Above – The Mary Ward Centre in London, where I briefly played the viola during my Whitehall days when I lived not far from the venue
A city like Cambridge should be able to recreate an equivalent of the Mary Ward Centre. We have the collective wealth within the city and economic sub-region, we have the musical talent to provide the teaching and inspiration, but we do not have the institutional infrastructure or the institutions with the right morals and values to get such a centre established. If we did, we’d have established lifelong learning centres to meet the chronic skills shortages the sci-tech sectors keep on complaining about (but doing precious little in terms of actions and funding provision to resolve).
As for the response from the Combined Authority itself, either it hasn’t been paying attention to the public questions I have been putting to them over the past few years, or as an institution it lacks the imagination to go far beyond what central government policy is, preferring (perhaps understandably after the years of party political instability locally and nationally) to stay within the safety of its funding agreements with Whitehall.

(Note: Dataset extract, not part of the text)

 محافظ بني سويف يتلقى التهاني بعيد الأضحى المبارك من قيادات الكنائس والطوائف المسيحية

It cannot stay that way – nor will it. The Government’s White Paper on English Devolution has confirmed that. The new powers and responsibilities, combined with the new generation of unitary councils I hope will force the issues even if the up-and-coming Mayoral and County Council elections in May (just over three months time!) don’t do so before hand.
“What were Mr Haldane’s recommendations?”

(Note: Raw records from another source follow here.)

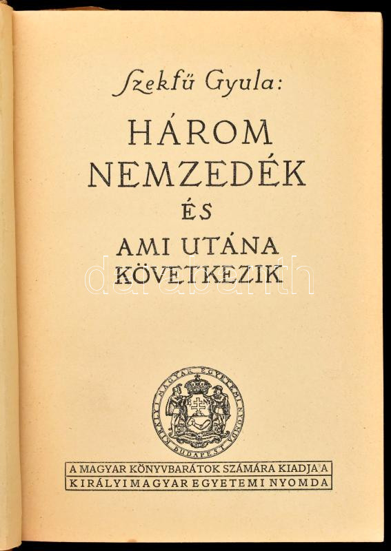 Szekfű Gyula: Három nemzedék és ami utána következik. Bp., [1935], Kir... https://www.darabanth.com/en/438-Online-auction/438.0/Books/Books-History~1000011/Szekfu-Gyula-Harom-nemzedek-es-ami-utana-kovetkezik-Bp-1935-Kir-M-Egyetemi-Nyomda-51~II2864509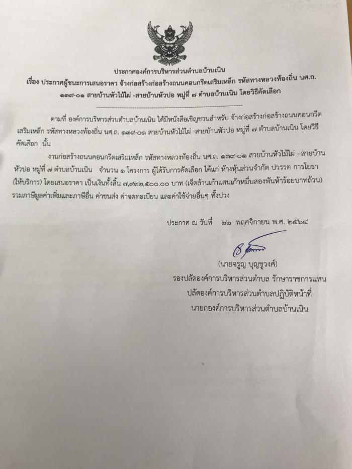ประกาศองค์การบริหารส่วนตำบลบ้านเนิน เรื่อง ประกาศผู้ชนะการเสนอราคาจ้างก่อสร้างถนนคสล.สายบ้านหัวไม้ไผ่ -บ้านหัวปอ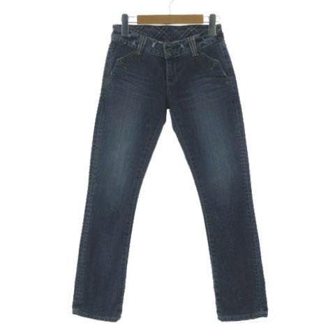 【中古】バーバリーブルーレーベル ジーンズ スリムストレート デニム ダメージ加工 ユーズド加工 ストレッチ 青 24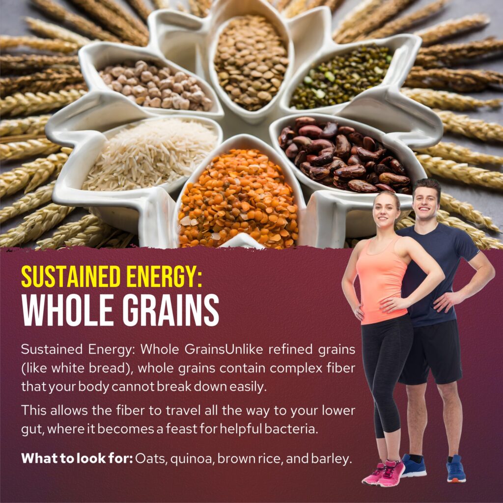 Unlike refined grains (like white bread), whole grains contain complex fiber that your body cannot break down easily. This allows the fiber to travel all the way to your lower gut, where it becomes a feast for helpful bacteria.

He called for a comprehensive, cross-cutting national programme to respond to the crisis of social cohesion and declining social capital – a crisis defined by:
- Stalled social mobility (think public school domination of the performing arts)

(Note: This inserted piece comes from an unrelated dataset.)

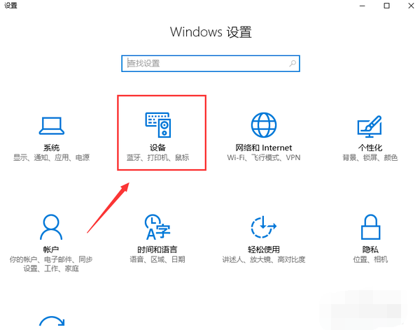 1、打开电脑桌面下方的开始菜单,点击“设置”进入,然后选择“设备”打开。

- Low growth (can the Political Class see beyond the narrow lens of GDP – which Mr Haldane also challenges)
- Epidemic in loneliness – hello! Welcome to my world! (Note this from The Lancet in December 2022 – how does it read two years later?)
- Crumbling communities (as reflected by high streets across the country)
His call was for a new economic policy that went beyond traditional economics and encompassed society on the grounds that as the above-points show, the collective deep malaise is social (and I also say environmental) as well as economic.
“What might that national programme involve?”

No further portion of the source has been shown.